+++ Supplied material

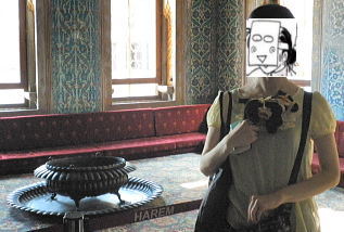 黒人宦官の部屋を抜けると向かい合わせにでっかい豪華な鏡がある!向かい合わせの鏡を置くことでハレムの入り口を警備していたそうです。決して↓のようにアホな写真を撮るためではありません(笑)。
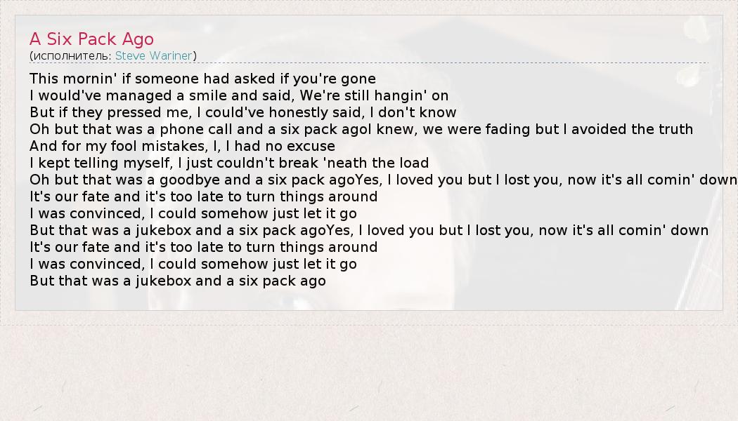 This mornin' if someone had asked if you're gone I would've managed a smile and said, We're still hangin' on But if they pressed me, I could've honestly said, I don't know Oh but that was a phone call and a six pack agoI knew, we were fading but I avoided the truth And for my fool mistakes, I, I had no excuse I kept telling myself, I just couldn't break 'neath the load Oh but that was a goodbye and a six pack agoYes, I loved you but I lost you, now it's all comin' down It's our fate and it's too late to turn things around I was convinced, I could somehow just let it go But that was a jukebox and a six pack agoYes, I loved you but I lost you, now it's all comin' down It's our fate and it's too late to turn things around I was convinced, I could somehow just let it go But that was a jukebox and a six pack ago
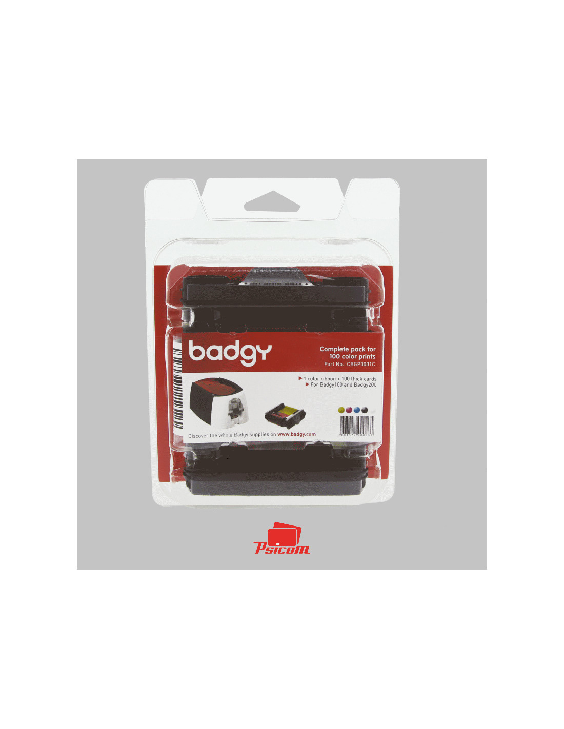Pack Badgy 200 tout-en-un, comprenant un ruban couleur YMCKO et 100 cartes PVC en format CB (épaisseur 0.76 mm).
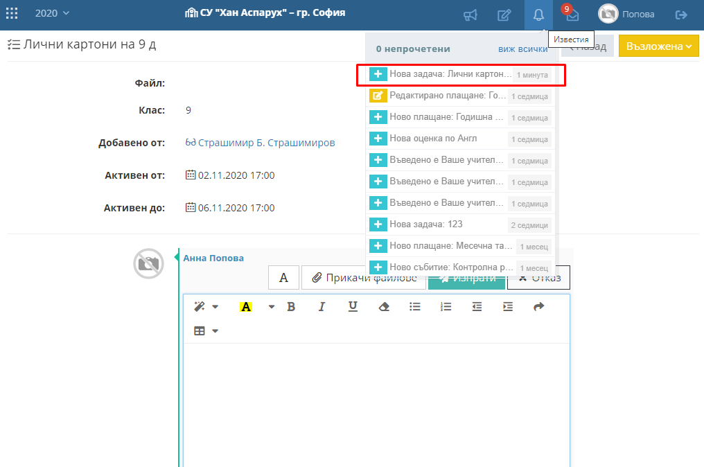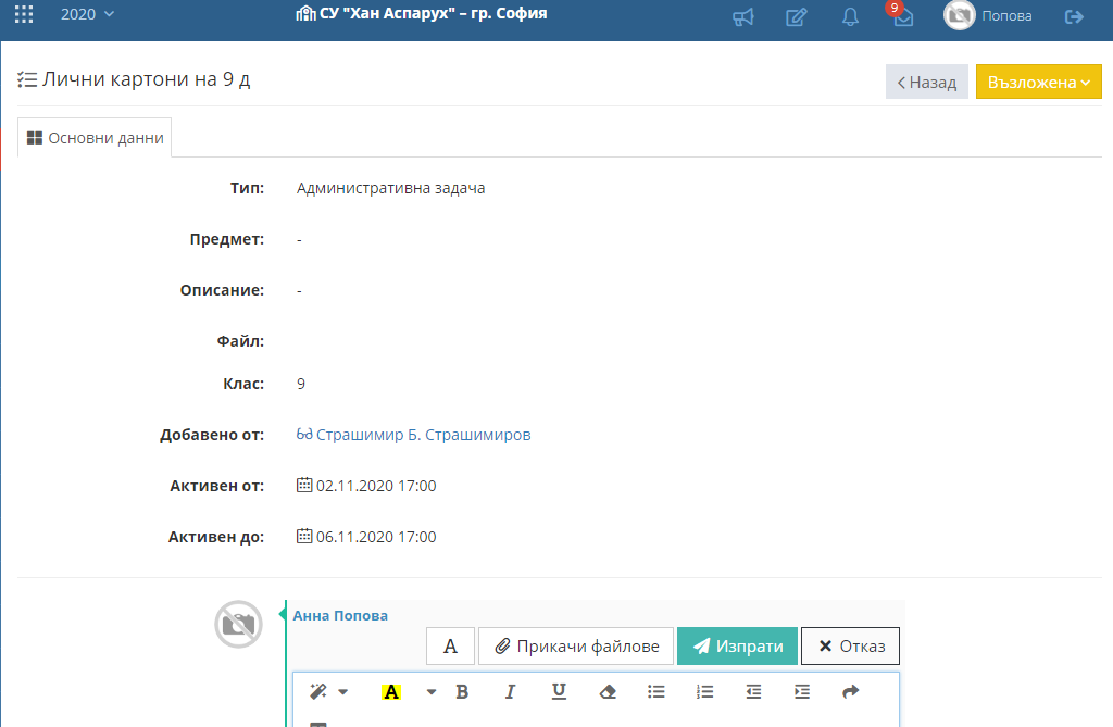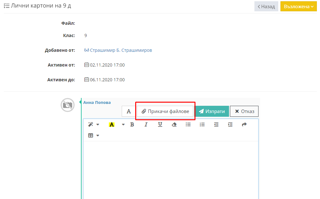 3. Кликнете на бутон "Изпрати" след като изпълните поставената Ви задача.

++++++

What is expected:
Every line above goes into the copy unchanged; the pictures do not.

Exercise response:
 黒人宦官の部屋を抜けると向かい合わせにでっかい豪華な鏡がある!向かい合わせの鏡を置くことでハレムの入り口を警備していたそうです。決して↓のようにアホな写真を撮るためではありません(笑)。
 This mornin' if someone had asked if you're gone I would've managed a smile and said, We're still hangin' on But if they pressed me, I could've honestly said, I don't know Oh but that was a phone call and a six pack agoI knew, we were fading but I avoided the truth And for my fool mistakes, I, I had no excuse I kept telling myself, I just couldn't break 'neath the load Oh but that was a goodbye and a six pack agoYes, I loved you but I lost you, now it's all comin' down It's our fate and it's too late to turn things around I was convinced, I could somehow just let it go But that was a jukebox and a six pack agoYes, I loved you but I lost you, now it's all comin' down It's our fate and it's too late to turn things around I was convinced, I could somehow just let it go But that was a jukebox and a six pack ago
Pack Badgy 200 tout-en-un, comprenant un ruban couleur YMCKO et 100 cartes PVC en format CB (épaisseur 0.76 mm).
 3. Кликнете на бутон "Изпрати" след като изпълните поставената Ви задача.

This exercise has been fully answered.